***** TASK DATA *****
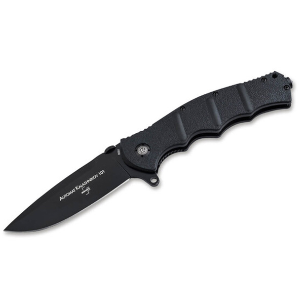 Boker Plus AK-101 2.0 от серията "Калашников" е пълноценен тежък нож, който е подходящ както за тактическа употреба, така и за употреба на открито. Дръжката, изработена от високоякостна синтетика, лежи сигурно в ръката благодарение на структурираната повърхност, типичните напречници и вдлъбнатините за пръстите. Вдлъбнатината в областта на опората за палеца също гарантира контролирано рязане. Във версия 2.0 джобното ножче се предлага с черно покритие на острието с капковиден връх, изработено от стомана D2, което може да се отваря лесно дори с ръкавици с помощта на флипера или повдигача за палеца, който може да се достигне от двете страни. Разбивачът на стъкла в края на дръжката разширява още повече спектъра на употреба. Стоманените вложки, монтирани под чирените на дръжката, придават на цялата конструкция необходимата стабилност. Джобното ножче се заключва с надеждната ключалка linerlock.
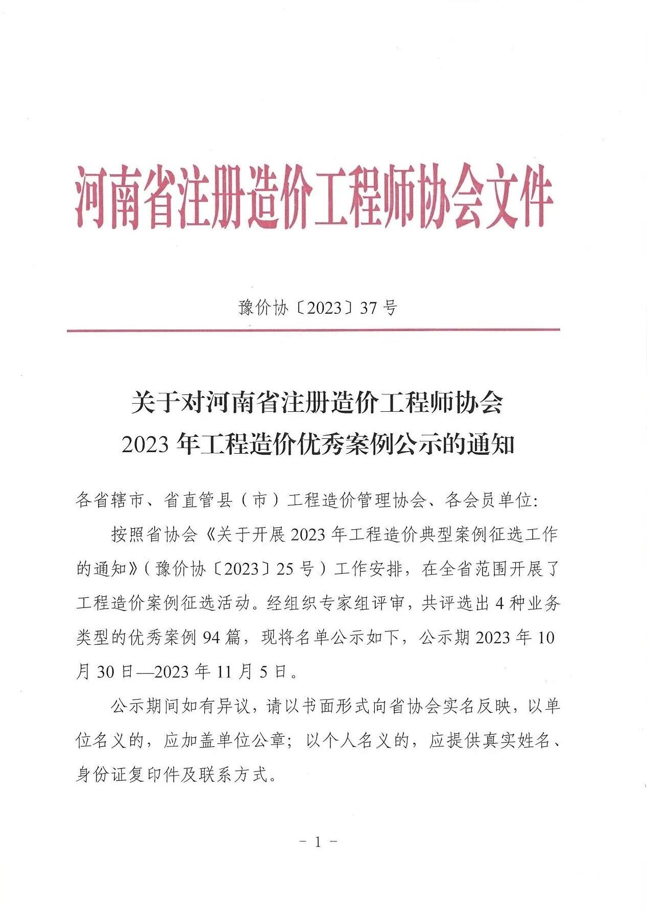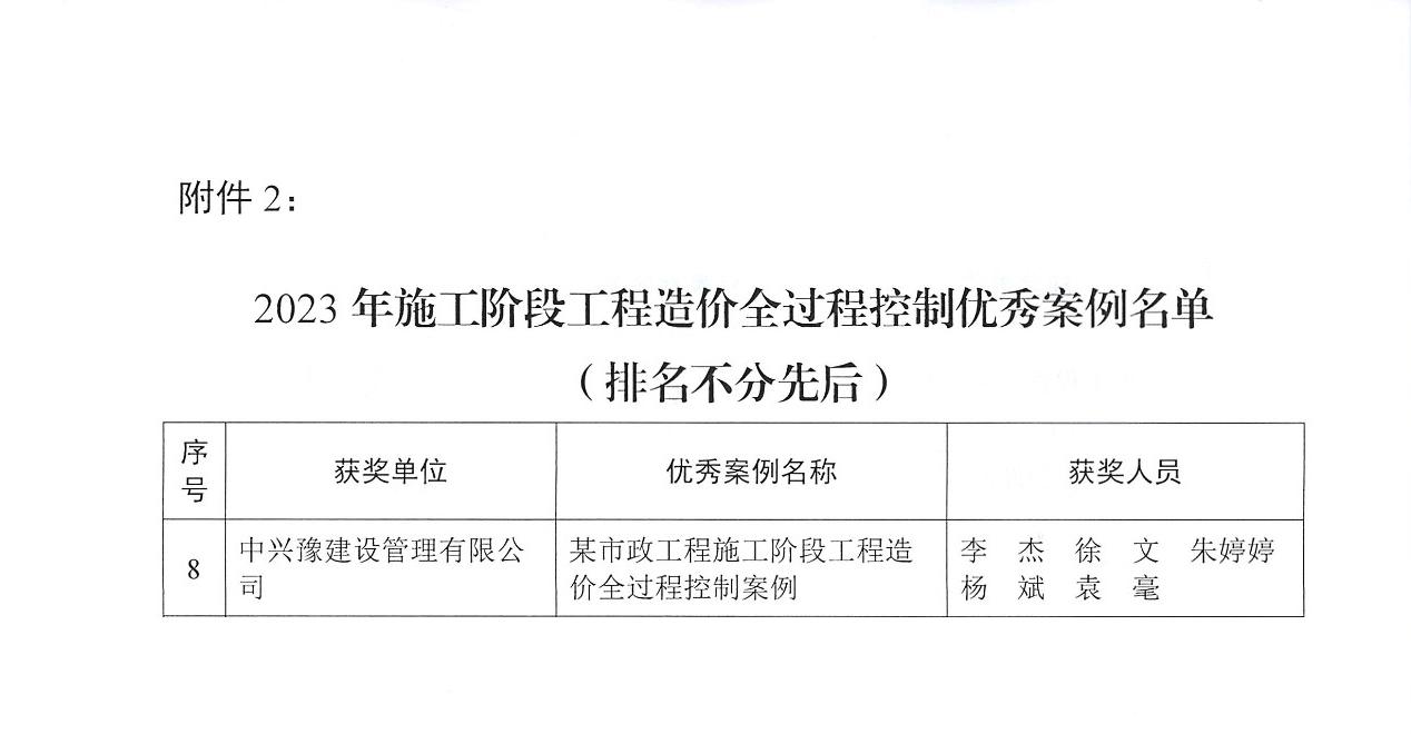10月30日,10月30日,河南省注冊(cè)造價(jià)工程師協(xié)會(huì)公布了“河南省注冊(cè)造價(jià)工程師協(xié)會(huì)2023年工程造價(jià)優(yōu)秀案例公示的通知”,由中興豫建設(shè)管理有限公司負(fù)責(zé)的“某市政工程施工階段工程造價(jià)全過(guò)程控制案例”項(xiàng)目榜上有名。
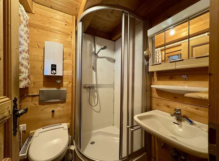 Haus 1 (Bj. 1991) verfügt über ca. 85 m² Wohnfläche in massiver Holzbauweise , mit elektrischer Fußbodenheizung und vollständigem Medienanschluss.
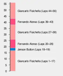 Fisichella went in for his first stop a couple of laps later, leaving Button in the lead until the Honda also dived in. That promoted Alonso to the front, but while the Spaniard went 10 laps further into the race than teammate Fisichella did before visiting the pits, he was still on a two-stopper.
*****
***** TASK DATA *****
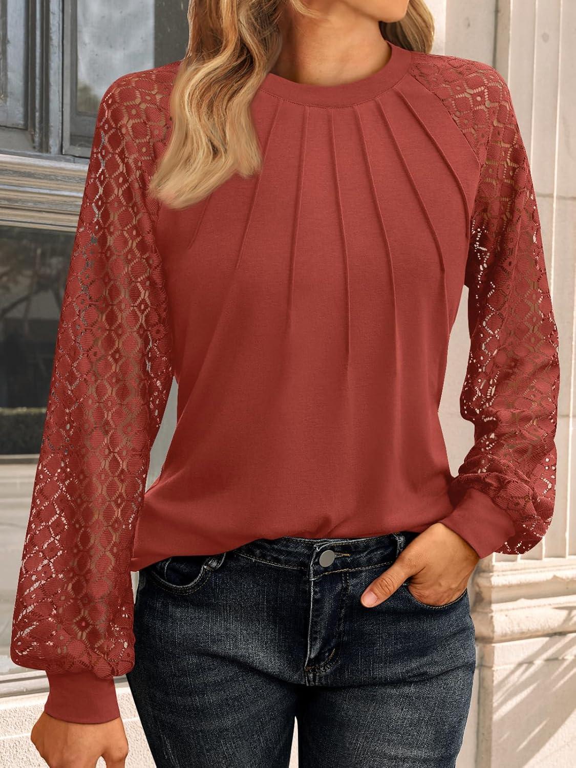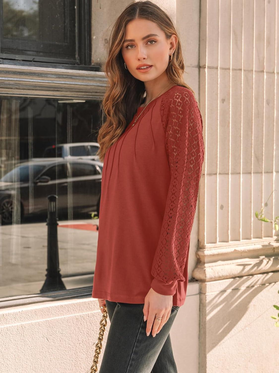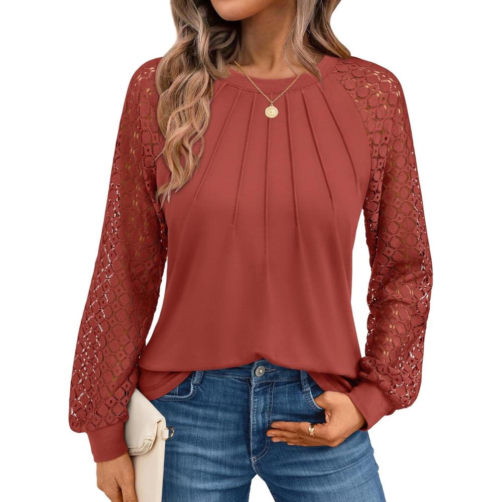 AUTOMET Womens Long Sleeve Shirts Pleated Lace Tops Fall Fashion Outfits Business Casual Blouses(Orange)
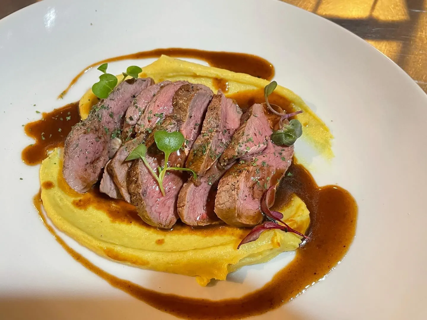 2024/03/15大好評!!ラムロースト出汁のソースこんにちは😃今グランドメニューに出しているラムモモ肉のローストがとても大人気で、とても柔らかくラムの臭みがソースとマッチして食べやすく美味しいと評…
*****
• WORK REQUEST
In the listing above, find the line with "Boker Plus AK-101" and the line with "Haus 1 (Bj.". Copy exactly those two and every line between, without the pictures.

• ANSWER SPACE
 Boker Plus AK-101 2.0 от серията "Калашников" е пълноценен тежък нож, който е подходящ както за тактическа употреба, така и за употреба на открито. Дръжката, изработена от високоякостна синтетика, лежи сигурно в ръката благодарение на структурираната повърхност, типичните напречници и вдлъбнатините за пръстите. Вдлъбнатината в областта на опората за палеца също гарантира контролирано рязане. Във версия 2.0 джобното ножче се предлага с черно покритие на острието с капковиден връх, изработено от стомана D2, което може да се отваря лесно дори с ръкавици с помощта на флипера или повдигача за палеца, който може да се достигне от двете страни. Разбивачът на стъкла в края на дръжката разширява още повече спектъра на употреба. Стоманените вложки, монтирани под чирените на дръжката, придават на цялата конструкция необходимата стабилност. Джобното ножче се заключва с надеждната ключалка linerlock.
10月30日,10月30日,河南省注冊(cè)造價(jià)工程師協(xié)會(huì)公布了“河南省注冊(cè)造價(jià)工程師協(xié)會(huì)2023年工程造價(jià)優(yōu)秀案例公示的通知”,由中興豫建設(shè)管理有限公司負(fù)責(zé)的“某市政工程施工階段工程造價(jià)全過(guò)程控制案例”項(xiàng)目榜上有名。
 Haus 1 (Bj. 1991) verfügt über ca. 85 m² Wohnfläche in massiver Holzbauweise , mit elektrischer Fußbodenheizung und vollständigem Medienanschluss.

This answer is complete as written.